Federal and state governments tend to take the lead on environmental regulation. But municipalities are increasingly getting in the game, encouraged by community members to address their environmental concerns. They are facing a significant challenge. Where municipalities themselves choose to regulate (as opposed to just enforcing state or federal regulations), they must draft laws that fit within the complex web of pre-existing laws. If they do not, litigants can argue that the municipal regulations are preempted.

That’s what happened in Town of Shelburne.

There, the Second Circuit held that the municipal ordinance imposed burdens on rail activity that did not meaningfully protect public health and safety and was preempted by Interstate Commerce Commission Termination Act (ICCTA), 49 U.S.C. §§ 10101 et seq.

Some background on this case: Shelburne, Vermont, has around seven thousand residents and sits on the shores of Lake Champlain. Tourism is a major industry. There are thriving breweries, vineyards, and even a teddy bear factory. In late 2015, community members felt that the pastoral calm of the town was disturbed when Vermont Railway purchased land to construct a very large—able to store 80,000 tons of road salt— rail-to-truck transloading facility.

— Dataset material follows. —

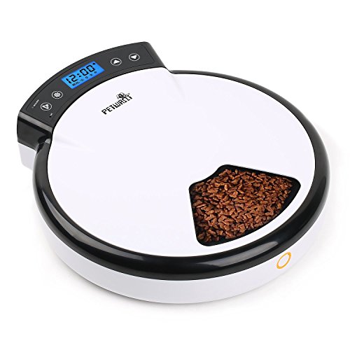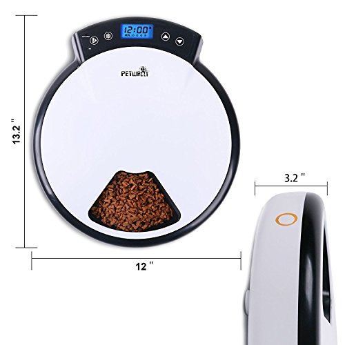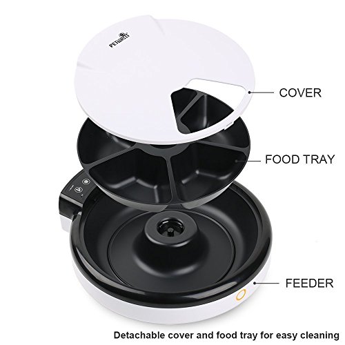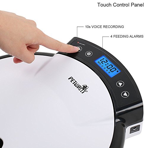 Features: -24-hour Feeding Time Setting -Five Separate Food Trays (Clockwise Rotation) -Dual Power Supply System -Touch Control Panel -Blue Backlight LCD Display (1.77" x 0.78") -Low Battery Indicator -10s Voice Recording -Built-in Distribution Alarm -Locking Mechanism -Memory Function -Dishwasher Proof (Cover and Food Tray)
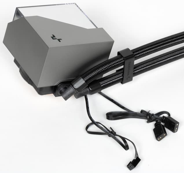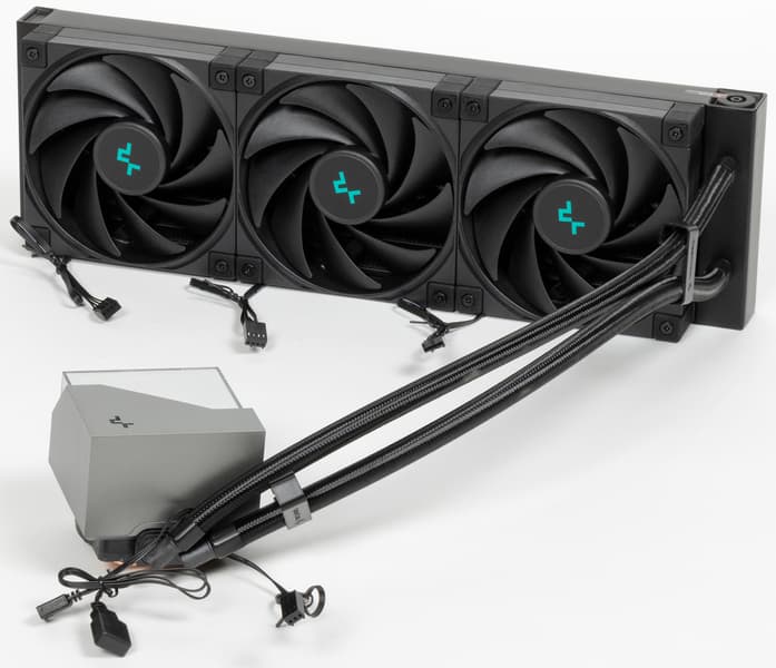 На основе системы жидкостного охлаждения DeepCool LT720 можно создать условно бесшумный компьютер (уровень шума 25 дБА и ниже), оснащенный процессором типа Intel Core i9-7980XE (Intel LGA2066, Skylake-X (HCC)), если потребление процессора под максимальной нагрузкой не будет превышать 285 Вт, а температура внутри корпуса не повысится выше 44 °C. В случае AMD Ryzen 9 5950X при тех же условиях — 162 Вт. AMD Ryzen Threadripper 2990WX — 195 Вт. При снижении температуры охлаждающего воздуха и/или менее жестких требованиях к уровню шума пределы мощности можно немного увеличить. Любители моддинга оценят многоцветную и многозонную статическую или динамическую подсветку помпы, имеющую стандартное трехконтактное подключение. Среди прочих достоинств отметим хорошее качество изготовления и оплетку довольно длинных шлангов. К недостаткам можно отнести резонансный гул вентиляторов, который может появляться в узком диапазоне скоростей вращения.

The court record demonstrates that Shelburne’s government opposed these operations from their outset. Vermont Railway initially filed federal litigation to halt the transloading facilities based on the town’s zoning code. That litigation failed after a Vermont federal district court held that the planned transloading facility’s activities constituted “transportation by rail carrier,” as that term is used in the ICCTA. But the court left a window open for Shelburne, stating that it “reserve[d] judgment on the question of whether the ICCTA preempts other zoning regulations derived from the town’s police powers that relate to the operation of the Railway’s proposed facility.” The court indicated that the town could review individual regulations to assess whether they fell within the police powers exemption to exclusive ICCTA jurisdiction.

After the decision, the town likely determined that its existing “police powers” were too limited to halt Vermont Railway’s operations. So, within months after the court’s initial decision, the town passed an ordinance that it contended fell within ICCTA’s police powers exception. The ordinance prohibits the storage of substances above certain quantities within 250 meters of a school or waterway, including prohibiting 550 tons of sodium chloride, also known as road salt. After a Vermont district court again found the ordinance preempted and issued an injunction permanently enjoining its enforcement, the Town of Shelburne appealed to the Second Circuit.

The Second Circuit agreed with the district court that the police powers exception did not apply. Its analysis focused on two of the factors the town used to establish the scope of regulation in its ordinance, which were the quantity of materials stored and the proximity of the storage facility to schools or waterbodies:

  • Quantity of Materials Stored: The town’s ordinance used the quantity of materials stored as a trigger mechanism for local regulation. When the court reviewed the ordinance, the court noted that the town’s pre-existing facility held 550 tons of sodium chloride; Vermont Railway’s facility held 80,000 tons. The ordinance sought to use the town’s facility as a cap. The Second Circuit held that doing this targeted future development and brought the ordinance outside of the town’s permissible ICCTA police powers.
  • Proximity to Schools or Waterways: The ordinance precluded relevant storage facilities from being located within 250 meters of a school or waterway. Waterways are generally regulated by other statutes, most notably the federal Clean Water Act. The Second Circuit noted both that Vermont Railway’s facility was operating under appropriate federal CWA permits and also that there was nothing particularly hazardous about the storage of road salt in contrast to the use of road salt for the purpose of de-icing roads, driveways, and sidewalks which the ordinance permitted. Accordingly, the town failed to demonstrate that its ordinance fell within ICCTA’s police powers exception.